I too am curious to find out the differences. Worth mentioning is also that after several attempts with Combine's Future (before attempting this with OpenCombine) I tried to create a specialized Publisher for persistance operations, with the idea of the dataTaskPublisher in mind. Here's the code:

import Combine
import CoreData

typealias PersistanceResult<Output, Error: Swift.Error> = Result<Output, Error>

final class PersistancePublisher<Output, ErrorType: Error>: Publisher {
    // MARK: - Properties

typealias Output = Output
typealias Failure = ErrorType

private let peristanceContainer: NSPersistentContainer
private let closure: (NSManagedObjectContext) -> PersistanceResult<Output, ErrorType>

// MARK: - Init

init(persistentContainer: NSPersistentContainer, closure: @escaping ((NSManagedObjectContext) -> PersistanceResult<Output, ErrorType>)) {
    self.peristanceContainer = persistentContainer
    self.closure = closure
}

// MARK: - Publisher

func receive<S>(subscriber: S) where S : Subscriber, S.Failure == Failure, Output == S.Input {
    peristanceContainer.performBackgroundTask { ctx in
        let result = self.closure(ctx)
        switch result {
        case .success(let results):
            let _ = subscriber.receive(results)
            subscriber.receive(completion: .finished)
        case .failure(let error):
            subscriber.receive(completion: .failure(error))
        }
    }
}
extension NSPersistentContainer {
    func persistanceTaskPublisher<R>(closure: @escaping ((NSManagedObjectContext) -> Result<R, Error>)) -> AnyPublisher<R, Error> {
        PersistancePublisher(persistentContainer: self, closure: closure)
            .eraseToAnyPublisher()
    }

}

Now my implementation is even more naive (and btw please point of if I missed something or there's some mistake) but it does not leak curiously and it does the job very well.

1 Like

Looks like good digging, but I'm afraid I don't have any insight into how either of the two work myself. All my work has been empirically testing Apple's combine as a "black box" and documenting the results, inferring what it's doing from there.

That doesn't preclude there being a leak or bug, but I neither could I assert there isn't one. I apologize, I don't have insight that might help here.

1 Like

Your use of [weak self] is of no benefit. Future executes its closure immediately and synchronously (before Future.init returns), so that weak self reference is guaranteed to be non-nil when the closure runs and converts it back to a strong reference. Then when you call self.findAll in the inner (background task) closure, it's still a strong reference.

2 Likes

I'm experiencing dozens of the same Future<,>.Conduit leaks all over my app. According to Xcode's memory debugger nothing is actually referencing them, and I haven't been able to find anything else being leaked or referenced by them, so I've been guessing it must be a Combine bug and just accepted it for now.

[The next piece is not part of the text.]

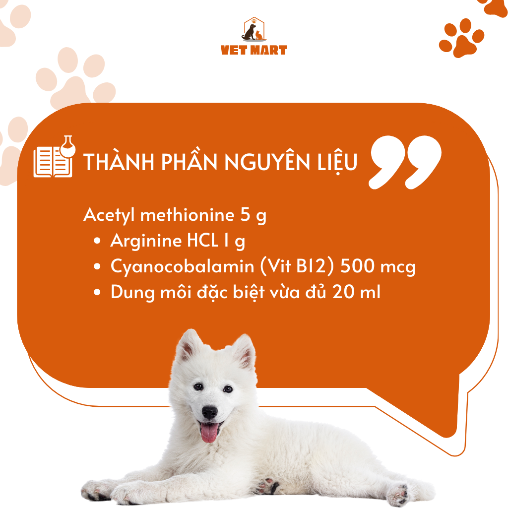 Vemedim Vimekat plus chứa vitamin và amino acid, tăng cường sức khỏe chó, mèo, chim cảnh, gá đá, chai 20ml THÀNH PHẦN: (1-n-butylamino-1-methyl) ethylphosphonic acid 400 mg Vitamin A 10 000 IU Vitamin D3 1

@Onne Have you ever thought to issue a bug to Apple about this?

I’ve had only bad experiences filing radars so I’ve pretty much given up on it, sorry for being bitter. I was actually kind of expecting it to be fixed soon because it seems very easy to produce, pretty much any normal use of Future will cause it it seems (but maybe I’m wrong and I’m doing something weird). Also it just hasn’t been a huge priority for me, the memory leak is pretty small.

2 Likes

Yeah, totally understand it. If this is indeed a problem which persists with every normal use case of Future (as you're saying) I am looking forward to it being fixed.